_DIRECTIONS_.
Return, without pictures, the lines from the start of the data through the one that contains "강원도 영월군에 있는".

(Items from a dataset)
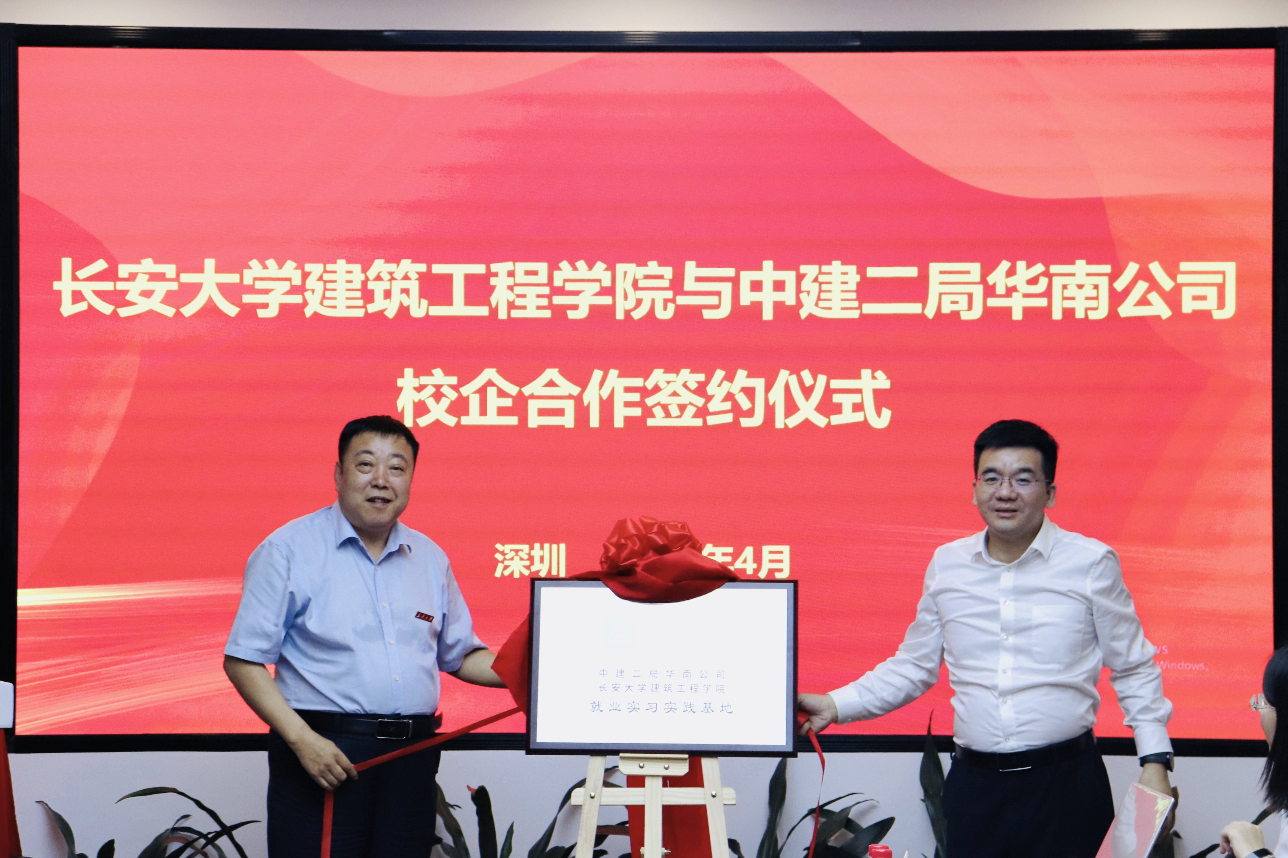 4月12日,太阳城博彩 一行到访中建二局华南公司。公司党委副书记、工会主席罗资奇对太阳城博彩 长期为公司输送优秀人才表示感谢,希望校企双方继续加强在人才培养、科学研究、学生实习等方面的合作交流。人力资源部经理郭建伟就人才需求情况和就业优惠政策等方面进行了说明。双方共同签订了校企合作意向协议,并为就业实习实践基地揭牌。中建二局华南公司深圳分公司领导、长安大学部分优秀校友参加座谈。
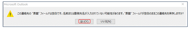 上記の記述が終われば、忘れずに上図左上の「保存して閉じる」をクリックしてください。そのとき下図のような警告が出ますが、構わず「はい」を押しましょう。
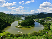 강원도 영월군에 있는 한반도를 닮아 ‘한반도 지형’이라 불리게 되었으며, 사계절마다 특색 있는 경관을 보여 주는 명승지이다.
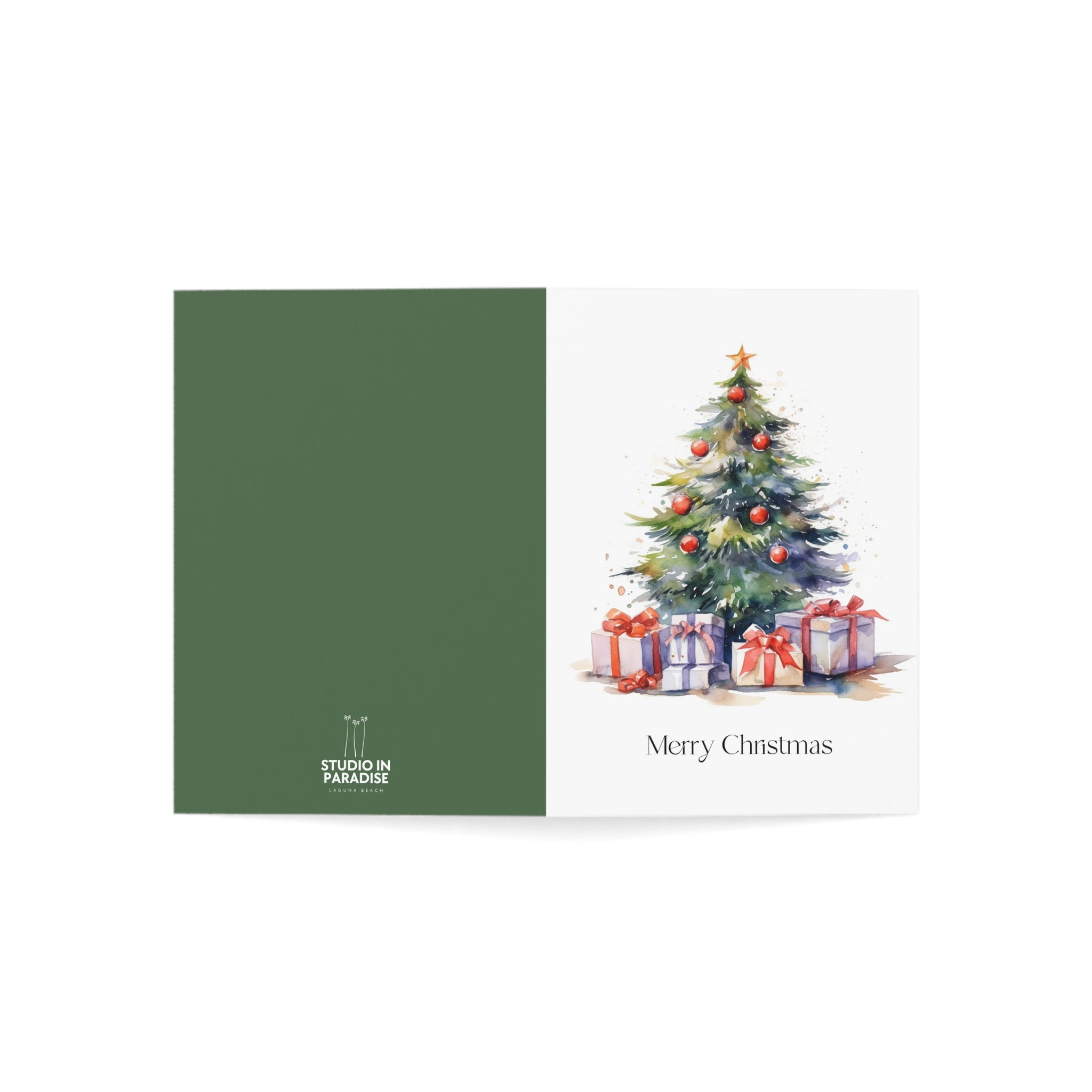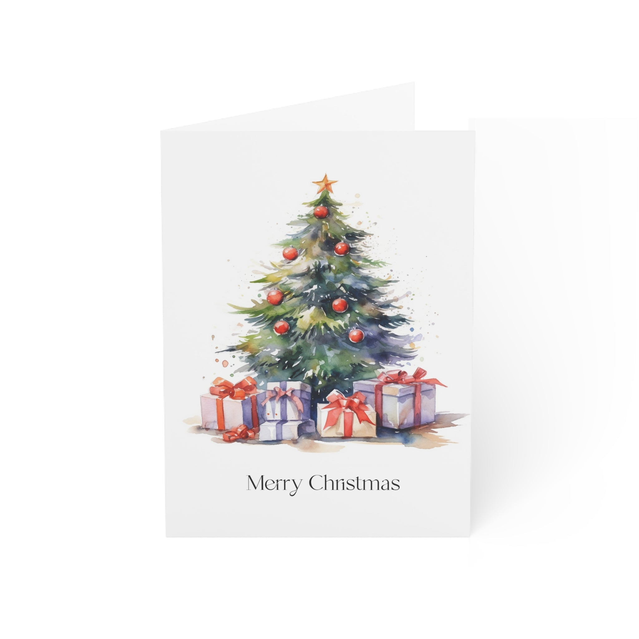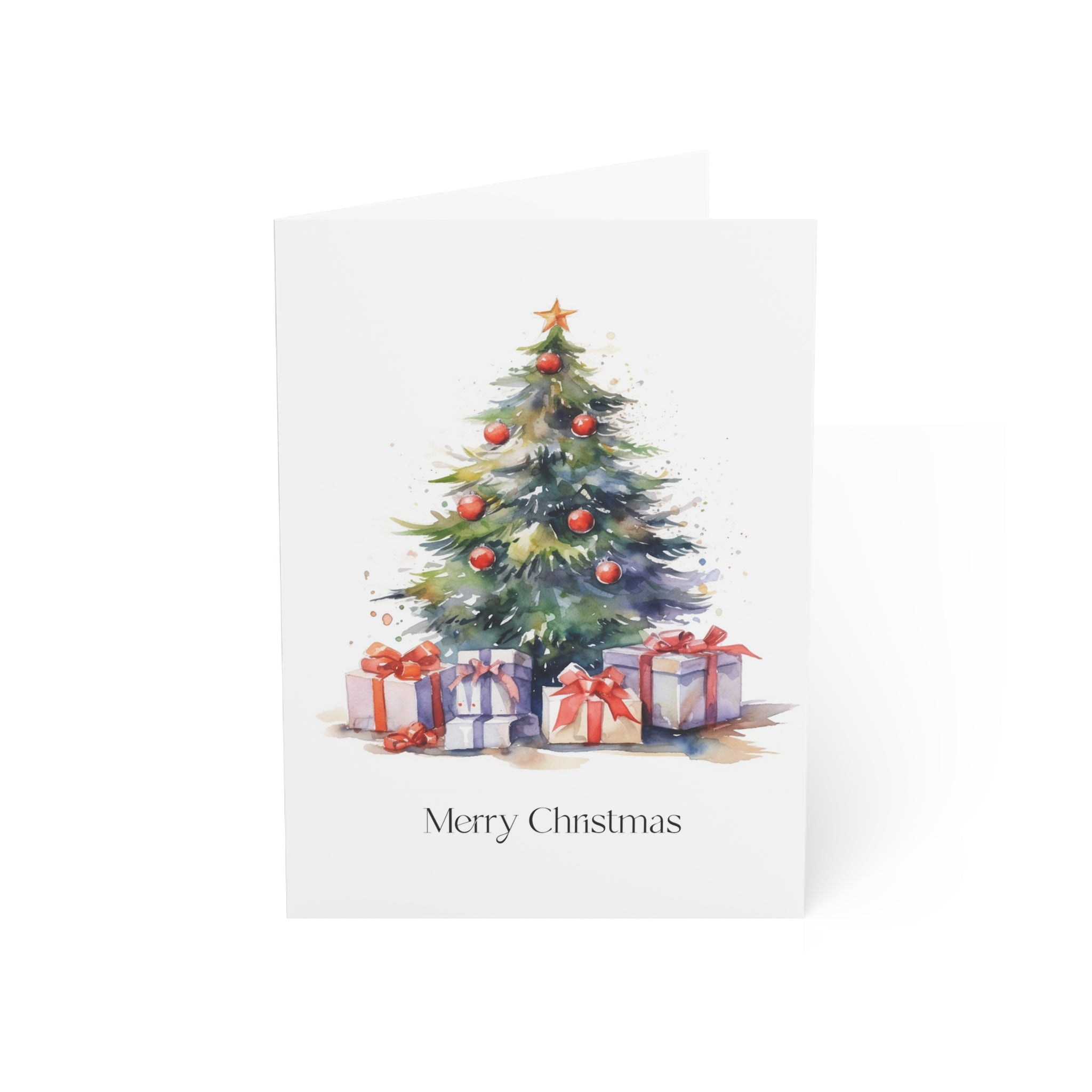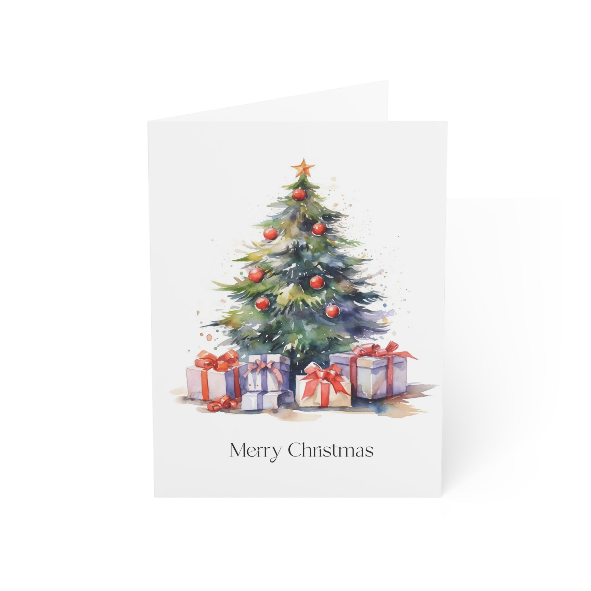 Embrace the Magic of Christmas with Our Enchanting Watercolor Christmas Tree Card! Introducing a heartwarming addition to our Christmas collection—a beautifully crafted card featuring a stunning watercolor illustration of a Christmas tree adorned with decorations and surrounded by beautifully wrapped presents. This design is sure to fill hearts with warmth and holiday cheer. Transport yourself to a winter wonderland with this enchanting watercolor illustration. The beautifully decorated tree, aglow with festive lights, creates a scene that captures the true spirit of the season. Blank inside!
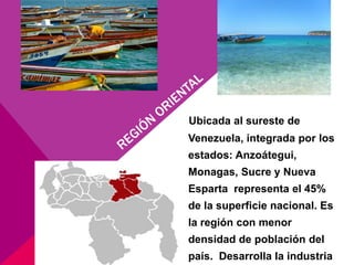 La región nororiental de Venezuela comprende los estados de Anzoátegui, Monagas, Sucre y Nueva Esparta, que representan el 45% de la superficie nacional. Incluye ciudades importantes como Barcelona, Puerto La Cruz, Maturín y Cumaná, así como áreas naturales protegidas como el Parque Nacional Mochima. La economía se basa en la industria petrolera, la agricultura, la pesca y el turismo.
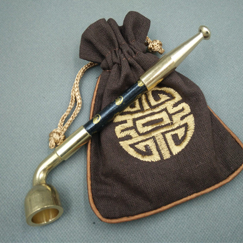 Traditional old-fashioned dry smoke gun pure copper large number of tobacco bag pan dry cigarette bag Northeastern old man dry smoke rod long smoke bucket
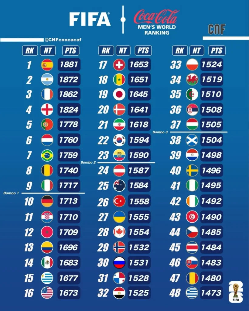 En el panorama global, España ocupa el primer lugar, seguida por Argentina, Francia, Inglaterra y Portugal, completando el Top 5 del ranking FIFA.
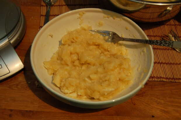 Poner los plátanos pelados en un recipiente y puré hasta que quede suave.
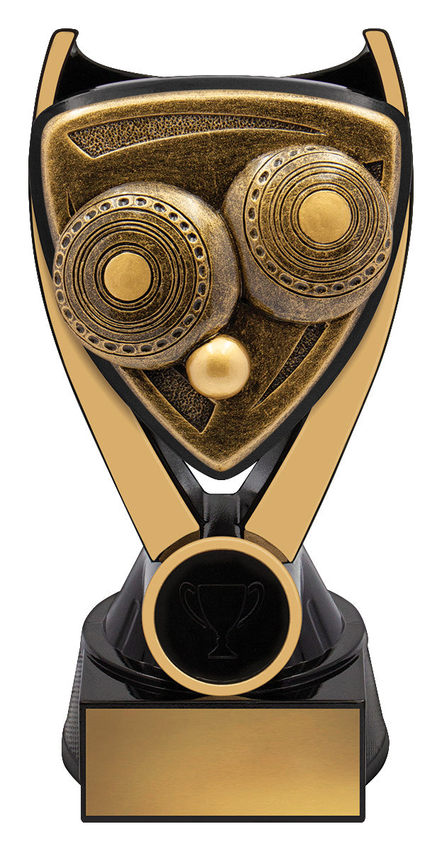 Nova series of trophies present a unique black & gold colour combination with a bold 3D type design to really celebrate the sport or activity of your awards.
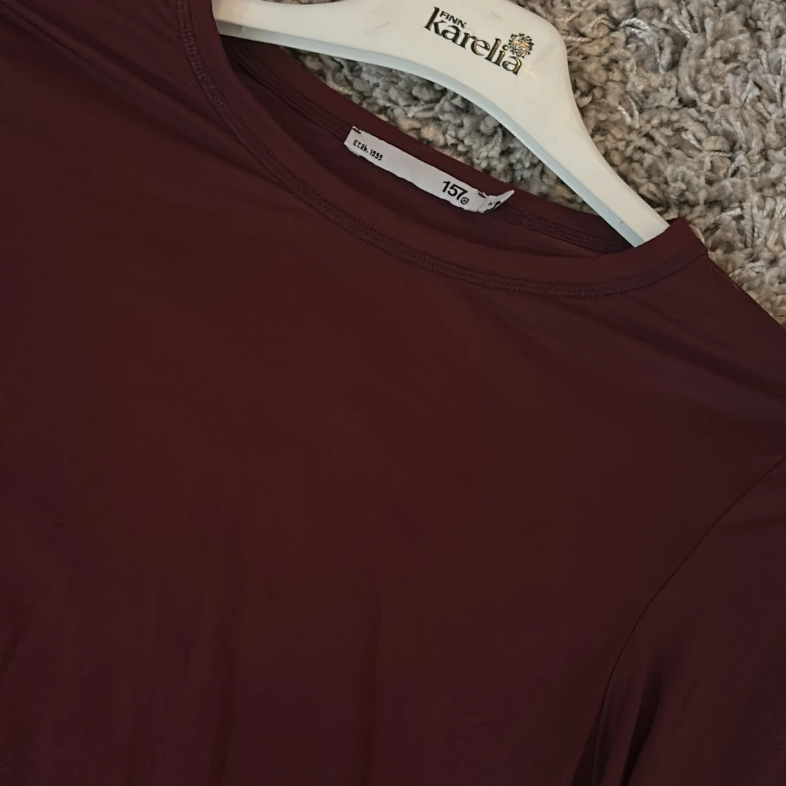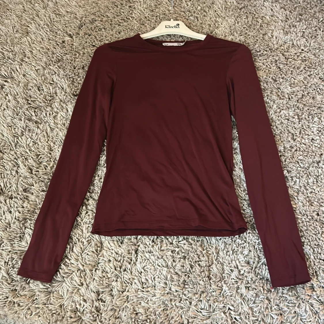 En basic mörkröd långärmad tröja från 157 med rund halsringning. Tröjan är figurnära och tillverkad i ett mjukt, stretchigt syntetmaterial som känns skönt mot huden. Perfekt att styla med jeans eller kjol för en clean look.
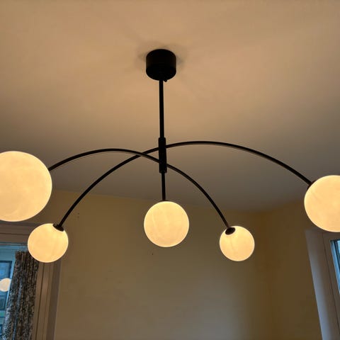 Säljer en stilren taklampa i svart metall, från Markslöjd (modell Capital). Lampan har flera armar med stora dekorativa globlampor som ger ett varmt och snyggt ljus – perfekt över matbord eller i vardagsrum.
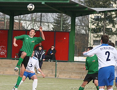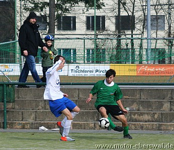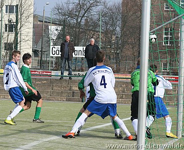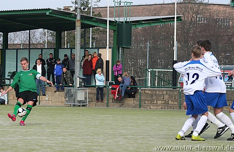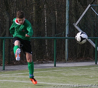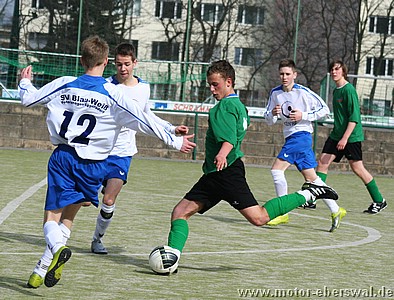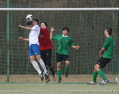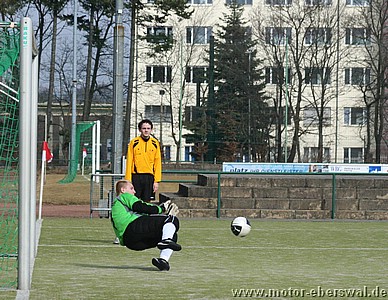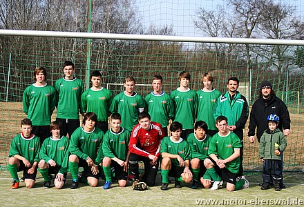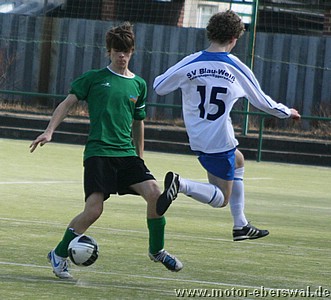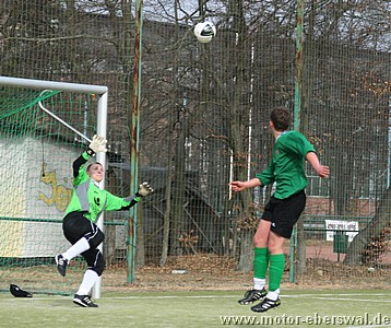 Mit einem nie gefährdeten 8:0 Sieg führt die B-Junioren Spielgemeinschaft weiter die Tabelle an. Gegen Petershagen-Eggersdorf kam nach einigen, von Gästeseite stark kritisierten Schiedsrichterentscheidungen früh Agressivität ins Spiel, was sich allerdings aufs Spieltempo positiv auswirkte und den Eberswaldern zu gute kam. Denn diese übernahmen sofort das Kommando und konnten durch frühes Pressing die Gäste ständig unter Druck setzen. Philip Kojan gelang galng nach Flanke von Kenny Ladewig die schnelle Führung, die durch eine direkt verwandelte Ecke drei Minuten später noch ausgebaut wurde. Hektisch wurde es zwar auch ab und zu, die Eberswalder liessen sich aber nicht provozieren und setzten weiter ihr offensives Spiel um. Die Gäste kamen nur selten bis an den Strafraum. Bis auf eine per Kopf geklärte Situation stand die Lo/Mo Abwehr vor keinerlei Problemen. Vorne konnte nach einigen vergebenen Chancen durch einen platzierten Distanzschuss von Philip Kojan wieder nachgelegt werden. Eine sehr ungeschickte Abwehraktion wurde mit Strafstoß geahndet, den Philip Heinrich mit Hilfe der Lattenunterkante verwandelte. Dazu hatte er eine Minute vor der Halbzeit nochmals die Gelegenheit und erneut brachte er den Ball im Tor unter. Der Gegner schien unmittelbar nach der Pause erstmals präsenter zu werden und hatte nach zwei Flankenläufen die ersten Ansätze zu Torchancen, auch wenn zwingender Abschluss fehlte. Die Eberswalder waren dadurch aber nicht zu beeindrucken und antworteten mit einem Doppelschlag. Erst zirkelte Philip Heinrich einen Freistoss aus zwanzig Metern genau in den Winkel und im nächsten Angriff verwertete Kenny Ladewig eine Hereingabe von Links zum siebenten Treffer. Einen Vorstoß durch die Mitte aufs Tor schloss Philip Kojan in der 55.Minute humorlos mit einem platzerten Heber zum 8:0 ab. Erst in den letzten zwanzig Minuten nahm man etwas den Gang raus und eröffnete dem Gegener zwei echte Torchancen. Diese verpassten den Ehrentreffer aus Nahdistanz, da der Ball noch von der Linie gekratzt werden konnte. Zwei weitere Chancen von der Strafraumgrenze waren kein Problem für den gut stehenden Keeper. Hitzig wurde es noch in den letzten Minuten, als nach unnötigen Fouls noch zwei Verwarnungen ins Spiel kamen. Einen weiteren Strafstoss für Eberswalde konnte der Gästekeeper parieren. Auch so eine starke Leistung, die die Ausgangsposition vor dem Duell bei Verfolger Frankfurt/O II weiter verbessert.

_PROBLEM SOLUTION_.
 4月12日,太阳城博彩 一行到访中建二局华南公司。公司党委副书记、工会主席罗资奇对太阳城博彩 长期为公司输送优秀人才表示感谢,希望校企双方继续加强在人才培养、科学研究、学生实习等方面的合作交流。人力资源部经理郭建伟就人才需求情况和就业优惠政策等方面进行了说明。双方共同签订了校企合作意向协议,并为就业实习实践基地揭牌。中建二局华南公司深圳分公司领导、长安大学部分优秀校友参加座谈。
 上記の記述が終われば、忘れずに上図左上の「保存して閉じる」をクリックしてください。そのとき下図のような警告が出ますが、構わず「はい」を押しましょう。
 강원도 영월군에 있는 한반도를 닮아 ‘한반도 지형’이라 불리게 되었으며, 사계절마다 특색 있는 경관을 보여 주는 명승지이다.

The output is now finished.